Input:
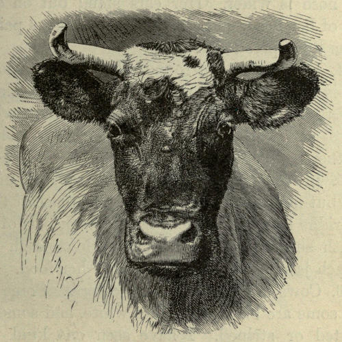 3. The cow has a heavier body and shorter legs than a horse. She has a short neck, and a long tail, with a bunch of coarse hair on the end[82] of it. Her head is larger than that of a horse, and her nose is wider. Her ears stand out on each side of her head, and above them she has a pair of horns that spread out.
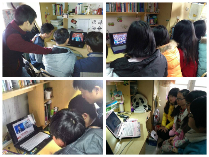 2013级土地资源管理、2013级地理科学专业的同学围坐在电脑前,收看李克强总理在第十二届全国人大三次会议上作政府工作报告现场直播。
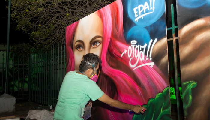 En la actividad cultural también participó la artista pamplonesa, Angélica Gallardo. Además, los jóvenes hicieron grafitis, no en paredes sino sobre materiales que se pueden transportar con facilidad para futuras exposiciones.
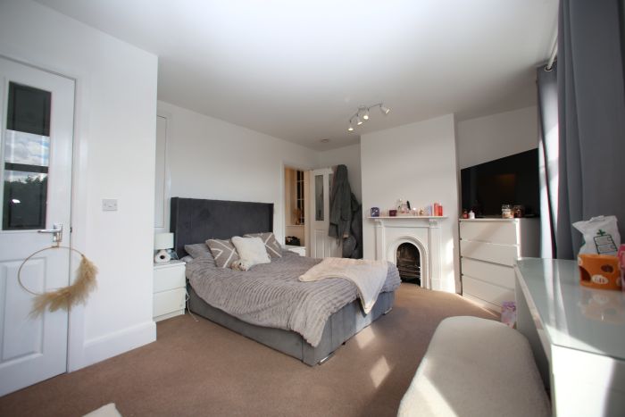 Bedroom 1 (Front) - Spacious front-facing bedroom, fully carpeted, featuring a radiator and a decorative fireplace.
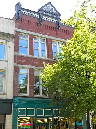 This historic structure is a three-story, L-shaped, brick building that was designed in the Queen Anne style. The original section was built between 1890 and 1891. The rear section was expanded in 1900, 1903, and 1914 to accommodate the growing printing company. It originally housed the New Era newspaper and printing company. A number of notable academic journals and books were printed here between 1893 and 1922, including Popular Science Monthly and the Journal of Negro History.[2] When listed in 1983, it was occupied by a Rite Aid drug store.[3]
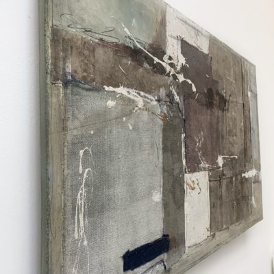 De stukken zijn opgebouwd met de voor Ron van der Werf zo kenmerkende mix van materialen en technieken aangevuld met subtiele details en lokale indrukken en het samenspel wat hierdoor ontstaat is even intrigerend als krachtig. Het stuk is opgespannen op een stevig hout-aluminium lijst waarvan de zijkanten zijn meegeschilderd.
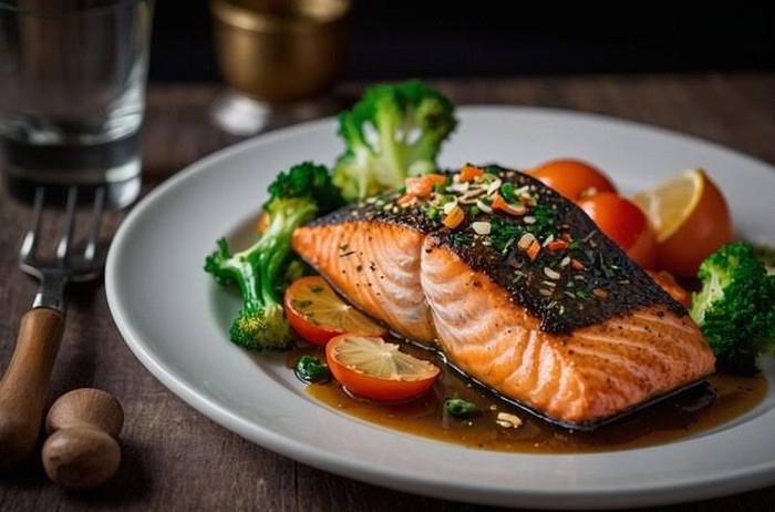 Ikan salmon panggang adalah pilihan sempurna untuk hidangan utama yang kaya nutrisi. Salmon dikenal karena kandungan asam lemak omega-3 yang sangat tinggi.
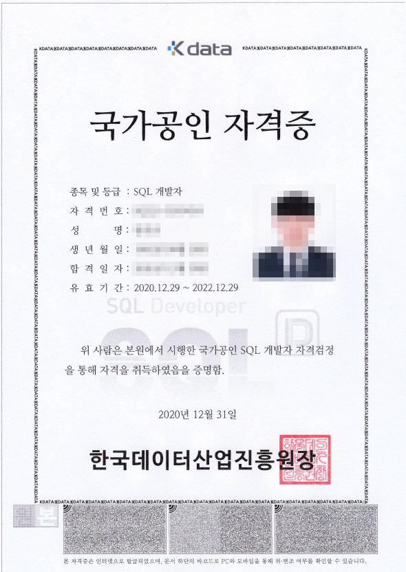 SQLD 자격증은 유효기간이 없는 자격증입니다. 단, 처음 취득 후 2년 동안의 유효기간이 있지만 2년이 넘어가기 전에 보완교육을 이수하면 무기한으로 연장이 됩니다.
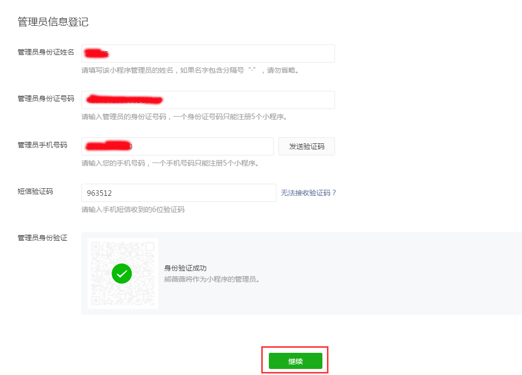 第七步:繼續(xù)往下填寫管理員信息。建議填寫后期企業(yè)具體管理微信小程序的運營人員信息。管理員身份認證需要用管理員的微信掃提示的二維碼。全部填寫后,點擊【繼續(xù)】。
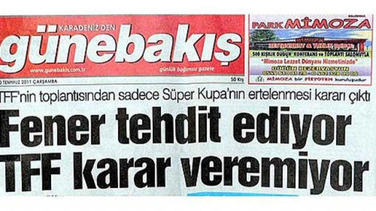 "FENER TEHDİT EDİYOR, TFF KARAR VEREMİYOR" Günebakış Gazetesi de, "TFF'nin toplantısından Süper Kupa'nın ertelenmesi kararı çıktı" ve "Fener tehdit ediyor, TFF karar veremiyor" başlıklarını kullandı. Gazete, "Hapisten tehdit ediyor" başlığının içerisinde de, "Türkiye Futbol Federasyonu daha önce Fenerbahçe'yi mutlu edecek şekilde aldığı kararlarından asla vazgeçmiyor. Başkanı, asbaşkanı, saymanı ve ulakları halen tutuklu olan Fenerbahçe, topluma masummuş gibi sunulmak isteniyor" diyerek Futbol Federasyonu'nu çok ağır bir şekilde eleştirdi.
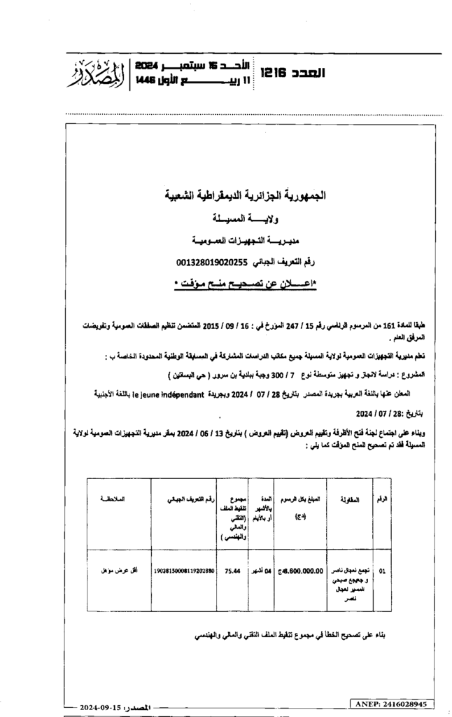 إعلان عن تصحيح منح مؤقت/ مديرية التجهيزات العمومية لولاية المسيلة
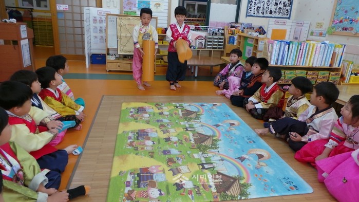 경북 구미사곡초등학교병설유치원은 최근 '우리나라' 생활주제와 연계해 우리나라 민속놀이의 중요성을 알리고 다같이 체험하는 '민속놀이 한마당'을 개최했다. 사진은 윷놀이를 즐기고 있는 아이들의 모습. (사진제공=구미교육지원청)

What the exercise asks: Pictures within the entries must not be reproduced; everything else is to be restated verbatim.

Response to this task:
 3. The cow has a heavier body and shorter legs than a horse. She has a short neck, and a long tail, with a bunch of coarse hair on the end[82] of it. Her head is larger than that of a horse, and her nose is wider. Her ears stand out on each side of her head, and above them she has a pair of horns that spread out.
 2013级土地资源管理、2013级地理科学专业的同学围坐在电脑前,收看李克强总理在第十二届全国人大三次会议上作政府工作报告现场直播。
 En la actividad cultural también participó la artista pamplonesa, Angélica Gallardo. Además, los jóvenes hicieron grafitis, no en paredes sino sobre materiales que se pueden transportar con facilidad para futuras exposiciones.
 Bedroom 1 (Front) - Spacious front-facing bedroom, fully carpeted, featuring a radiator and a decorative fireplace.
 This historic structure is a three-story, L-shaped, brick building that was designed in the Queen Anne style. The original section was built between 1890 and 1891. The rear section was expanded in 1900, 1903, and 1914 to accommodate the growing printing company. It originally housed the New Era newspaper and printing company. A number of notable academic journals and books were printed here between 1893 and 1922, including Popular Science Monthly and the Journal of Negro History.[2] When listed in 1983, it was occupied by a Rite Aid drug store.[3]
 De stukken zijn opgebouwd met de voor Ron van der Werf zo kenmerkende mix van materialen en technieken aangevuld met subtiele details en lokale indrukken en het samenspel wat hierdoor ontstaat is even intrigerend als krachtig. Het stuk is opgespannen op een stevig hout-aluminium lijst waarvan de zijkanten zijn meegeschilderd.
 Ikan salmon panggang adalah pilihan sempurna untuk hidangan utama yang kaya nutrisi. Salmon dikenal karena kandungan asam lemak omega-3 yang sangat tinggi.
 SQLD 자격증은 유효기간이 없는 자격증입니다. 단, 처음 취득 후 2년 동안의 유효기간이 있지만 2년이 넘어가기 전에 보완교육을 이수하면 무기한으로 연장이 됩니다.
 第七步:繼續(xù)往下填寫管理員信息。建議填寫后期企業(yè)具體管理微信小程序的運營人員信息。管理員身份認證需要用管理員的微信掃提示的二維碼。全部填寫后,點擊【繼續(xù)】。
 "FENER TEHDİT EDİYOR, TFF KARAR VEREMİYOR" Günebakış Gazetesi de, "TFF'nin toplantısından Süper Kupa'nın ertelenmesi kararı çıktı" ve "Fener tehdit ediyor, TFF karar veremiyor" başlıklarını kullandı. Gazete, "Hapisten tehdit ediyor" başlığının içerisinde de, "Türkiye Futbol Federasyonu daha önce Fenerbahçe'yi mutlu edecek şekilde aldığı kararlarından asla vazgeçmiyor. Başkanı, asbaşkanı, saymanı ve ulakları halen tutuklu olan Fenerbahçe, topluma masummuş gibi sunulmak isteniyor" diyerek Futbol Federasyonu'nu çok ağır bir şekilde eleştirdi.
 إعلان عن تصحيح منح مؤقت/ مديرية التجهيزات العمومية لولاية المسيلة
 경북 구미사곡초등학교병설유치원은 최근 '우리나라' 생활주제와 연계해 우리나라 민속놀이의 중요성을 알리고 다같이 체험하는 '민속놀이 한마당'을 개최했다. 사진은 윷놀이를 즐기고 있는 아이들의 모습. (사진제공=구미교육지원청)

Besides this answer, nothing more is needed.